Download or read book Civilization written by Niall Ferguson and published by Penguin. This book was released on 2011-11-01 with total page 432 pages. Available in PDF, EPUB and Kindle. Book excerpt: From the bestselling author of The Ascent of Money and The Square and the Tower “A dazzling history of Western ideas.” —The Economist “Mr. Ferguson tells his story with characteristic verve and an eye for the felicitous phrase.” —Wall Street Journal “[W]ritten with vitality and verve . . . a tour de force.” —Boston Globe Western civilization’s rise to global dominance is the single most important historical phenomenon of the past five centuries. How did the West overtake its Eastern rivals? And has the zenith of Western power now passed? Acclaimed historian Niall Ferguson argues that beginning in the fifteenth century, the West developed six powerful new concepts, or “killer applications”—competition, science, the rule of law, modern medicine, consumerism, and the work ethic—that the Rest lacked, allowing it to surge past all other competitors. Yet now, Ferguson shows how the Rest have downloaded the killer apps the West once monopolized, while the West has literally lost faith in itself. Chronicling the rise and fall of empires alongside clashes (and fusions) of civilizations, Civilization: The West and the Rest recasts world history with force and wit. Boldly argued and teeming with memorable characters, this is Ferguson at his very best.
Download or read book U S History written by P. Scott Corbett and published by . This book was released on 2024-09-10 with total page 1886 pages. Available in PDF, EPUB and Kindle. Book excerpt: U.S. History is designed to meet the scope and sequence requirements of most introductory courses. The text provides a balanced approach to U.S. history, considering the people, events, and ideas that have shaped the United States from both the top down (politics, economics, diplomacy) and bottom up (eyewitness accounts, lived experience). U.S. History covers key forces that form the American experience, with particular attention to issues of race, class, and gender.

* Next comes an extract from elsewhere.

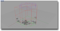 The ROV placed the sonar to plot the debris buildup against a lower outlet intake structure  | The structure was approximate in CAD and a diver-held sonar was used to map out failures inside a submerged support colum. The sonar plots showing material loss in the column are in black  |
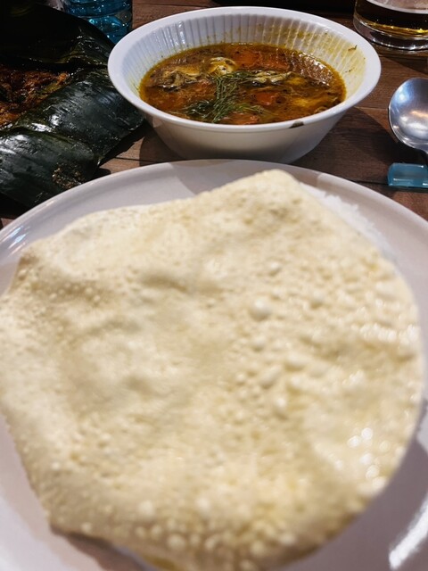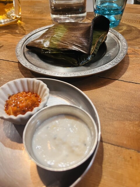 これはきっと美味しいぞと思わせるネーミング。暖かくなっているバナナリーフの包みを開封すると実に香ばしい。独特のやや辛をそのままでいだだいたり、ヨーグルトみたいなソースにディップしたりで普段はあまり出会わない味を舌鼓。ビールとも合います。

Download or read book More Pricks Than Kicks written by Samuel Beckett and published by Grove/Atlantic, Inc.. This book was released on 2007-12-01 with total page 193 pages. Available in PDF, EPUB and Kindle. Book excerpt: Samuel Beckett, the recipient of the 1969 Nobel Prize for Literature and one of the greatest writers of our century, first published these ten short stories in 1934; they originally formed part of an unfinished novel. They trace the career of the first of Beckett’s antiheroes, Belacqua Shuah. Belacqua is a student, a philanderer, and a failure, and Beckett portrays the various aspects of his troubled existence: he studies Dante, attempts an ill-fated courtship, witnesses grotesque incidents in the streets of Dublin, attends vapid parties, endures his marriage, and meets his accidental death. These early stories point to the qualities of precision, restraint, satire, and poetry found in Beckett’s mature works, and reveal the beginning stages of Beckett’s underlying theme of bewilderment in the face of suffering.